The Federal Communications Commission scored a major political win today as it announced a $25 million settlement with Verizon Wireless over so-called mystery charges.
While critics complain that the FCC has been dragging its feet on issues such as Net neutrality, the agency announced that it has not only forced Verizon Wireless to refund more than $50 million to consumers for overcharging them, but it has also gotten the nation's largest cell phone operator to pay another $25 million to the U.S. Treasury as a penalty.
The payment is the largest in FCC history and the settlementinto these overcharges, the FCC said in a statement. Earlier this month, Verizon had issued a statement that it planned to refund a minimum of $52.8 million to approximately 15 million customers. It also promised to make sure that consumers are no longer charged the mystery fees.

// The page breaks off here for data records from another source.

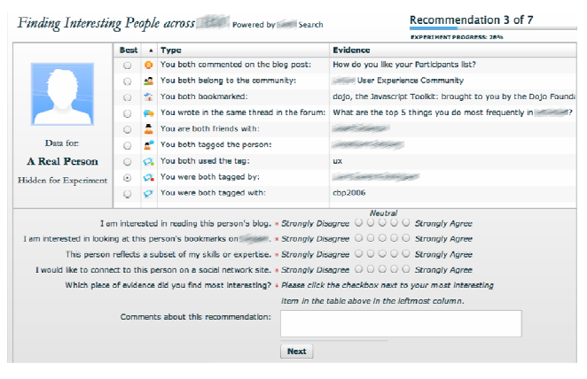
Figure 1. The experimental interface

For each single source based recommendation, up to nine evidence items are presented – all of the same source. For each recommendation based on a category ( people , places , or things ) up to three evidence items of each of its three sources are presented. For a recommendation based on aggregation of all sources, up to one evidence item is presented of each source. For a given participant and a given similarity configuration, we choose the recommended person to be the one with most evidence items from the list of top 100 similar people. Since we consider avid social media users, for many of the recommendations nine evidence items can be shown. When it is not the case, we present the maximum number of items that follow the conditions above.
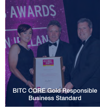
BITC CORE Gold Responsible Business Standard
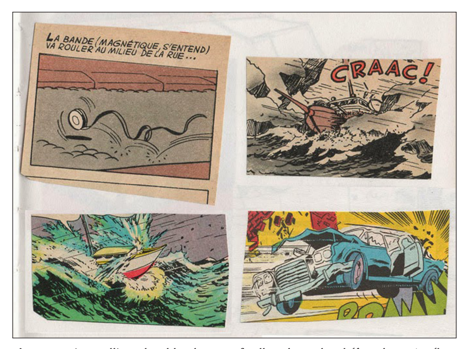
Figure 2: Ristorcelli, J., sketchbook page of collaged panels, Théâtre de papier élect-rique , 16 September 2014 [Accessed 9 November 2015].

etcetera). These petits formats epitomize the mass industrialized comics production: Massively produced in the 1960s and 1970s, these petits formats . . . : publishers would buy microfilms mostly from American and Italian comics publishers or syndicates, and have their cartoonists and artisans anonymously reassemble the material. The process involved writing the dialogues, cutting 'sensitive' panels or elements liable to censorship, redrawing the backgrounds, and so on. Despite their enormous proliferation, these petits formats are relegated to a footnote in histories of comics, which privilege the adult comics of the 60s and 70s, often inscribing the past into national comics traditions where the petits formats emerged out of transnational exchanges.¹ Ristorcelli's collage undoubtedly reads as an homage to this forgotten production. Like scrapbooks were meant to preserve preferred comics images, Les Écrans combines these 'visual possessions' into a long sequence that mimics the aesthetics of the petits formats – realistic drawing style, strong black and white contrasts, grey zip-atone – only reanimating their collected fragments into another context ( Figure 3 ).
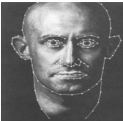
Fig 4: Field Morphing

The user has to provide the algorithm with a set of control line segments. The segments serve to align the features of images A and B. The more control line segments there are, the more control the user has over these shape changes. For faces, for example, the line segments can be drawn over the contour line segments of the head, the ears, the eyes, the eyebrows, the lips, the nose, and so on.
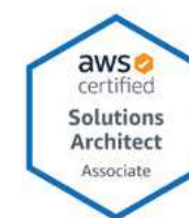
AWS Solution Architect Associate
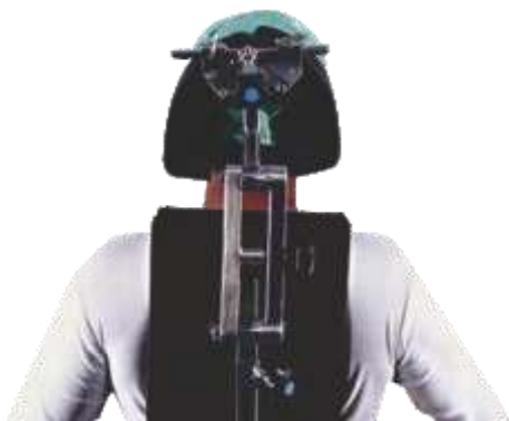
Shoulder Surgery Attachment
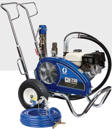
GH 230 Standard 24W929
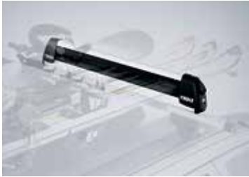
UNIVERSAL LOCKING ARMS
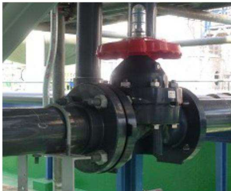
Change piping of Tank 2
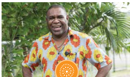
First Nations Health
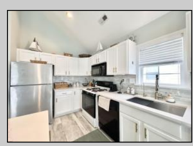
1447 Haven Ocean City, NJ 08226
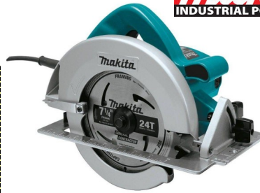
5007F 7-1/4" CIRC SAW

7-1/4" CIRC SAW. EVERYONES FAVORITE. 15AMP, BUILT IN LED LIGHT, BUILT IN DUST BLOWER, HEAVY GAUGE ALUMINUM BASE, WELL BALANCED., NUFF SAID.
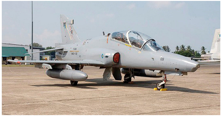
Covers, Plugs, HeatShields and related items for the British Aerospace Hawk 108
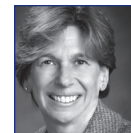
Ms. Randi Weingarten President, The American Federation of Teachers (AFT)
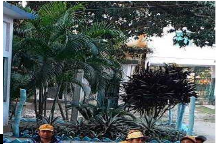
Fencing Foliage Garden
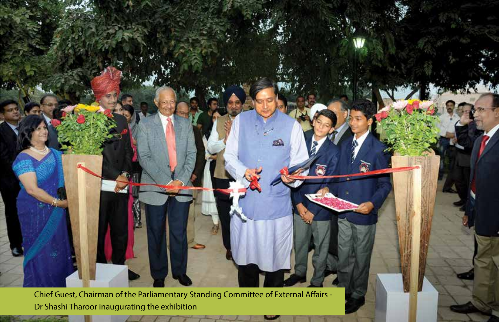
Chief Guest, Chairman of the Parliamentary Standing Committee of External Affairs - Dr Shashi Tharoor inaugurating the exhibition

"Today's consent decree sends a clear message to American consumers: the FCC has got your back," FCC Chairman Julius Genachowski said in a statement. "People shouldn't find mystery fees when they open their phone bills--and they certainly shouldn't have to pay for services they didn't want and didn't use. In these rough economic times, every $1.99 counts."
The FCC's Enforcement Bureau began investigating Verizon Wireless in January 2010 after large numbers of consumers complained that they were getting unexampled data charges on their bills. The investigation focused on "pay-as-you-go" data fees. Verizon charges $1.99 per megabyte of data used. These were customers who were not on an unlimited data plan.
The FCC said the investigation found that about 15 million of these pay-as-you-go customers were or may have been overcharged for data usage over the course of three years, from November 2007 to the present. According to the settlement, these fees were caused by unauthorized data transfers initiated by applications that automatically accessed the Internet, as well as people accidentally clicking on something that initiated a Web connection.
In addition to promising no more mystery fees and refunding customers, Verizon has also committed to offering data blocks on phones so that consumers can avoid data charges. And the company has agreed to improving its customer service to provide consumers with better information about services and speedier resolution to problems such as this.
In a statement issued after the settlement announcement, Verizon said that billing mistakes had been made. And it apologized to customers.
"Internal billing processes can be complex and, in this case, we made inadvertent billing mistakes," the company said. "We accept responsibility for those errors, and apologize to our customers who received accidental data charges on their bills."
In an interview earlier this month,said the company had been proactively trying to resolve these issues for some time.
"We know the billing relationship we have with our customers is a sacred trust. And we put a lot of resources into making sure we get the bills out to customers accurately," McAdam said in an interview with CNET. "We've been working on this since we started offering BREW apps on phones. It's always been an ongoing process. It has nothing to with the FCC. We just wanted to bring them up to speed on our efforts and how the process is going. This is an ongoing process that every carrier deals with. And every carrier is trying to mitigate these problems, but some things slip through the cracks. That's what we are trying to fix now."
In the statement the company said that in September 2009, months before the FCC contacted the company about its investigation, Verizon had implemented a free 50 kilobyte allowance to limit inadvertent charges.
Verizon has already begun the process of repaying customers for accidental data charges. The company said it is notifying eligible current and former customers and it's either applying credits or sending refunds in October and November.
Current customers will be notified in upcoming bills. And former customers will receive a letter and refund check in the mail. In most cases, Verizon said the credits and refunds are in the $2 to $6 range, but some might be larger amounts. Verizon also said that the rest of its customers, 77 million of them, are not affected.
As mentioned above, the company explained that the only customers affected by inadvertent charges are those who do not have data plans. These customers choose to pay for data usage on a per megabyte basis. Most of the mystery charges stemmed from a very small data "acknowledgment" session sent by software pre-loaded on certain phones, the company said. For customers who did not have data plans and who were not otherwise using data features on their devices, this software triggered the pay as you go charge of $1.99.
"We never intended to charge customers for this "acknowledgment" data session," Verizon said in the statement. "In other cases, we accidentally charged customers for access to Web site links that were not supposed to trigger data charges."
Verizon said it has put improvements in place to prevent this from happening in the future.
"We are a company that listens to its customers and in this case we got to the bottom of a problem and resolved the errors," the statement read. "We have taken this action because it is the right thing to do. We value our customers and their trust in us, and we do everything in our power every day to earn and keep that trust."
Update at 1:33 p.m. PDT:This story has been updated with statements from Verizon Wireless.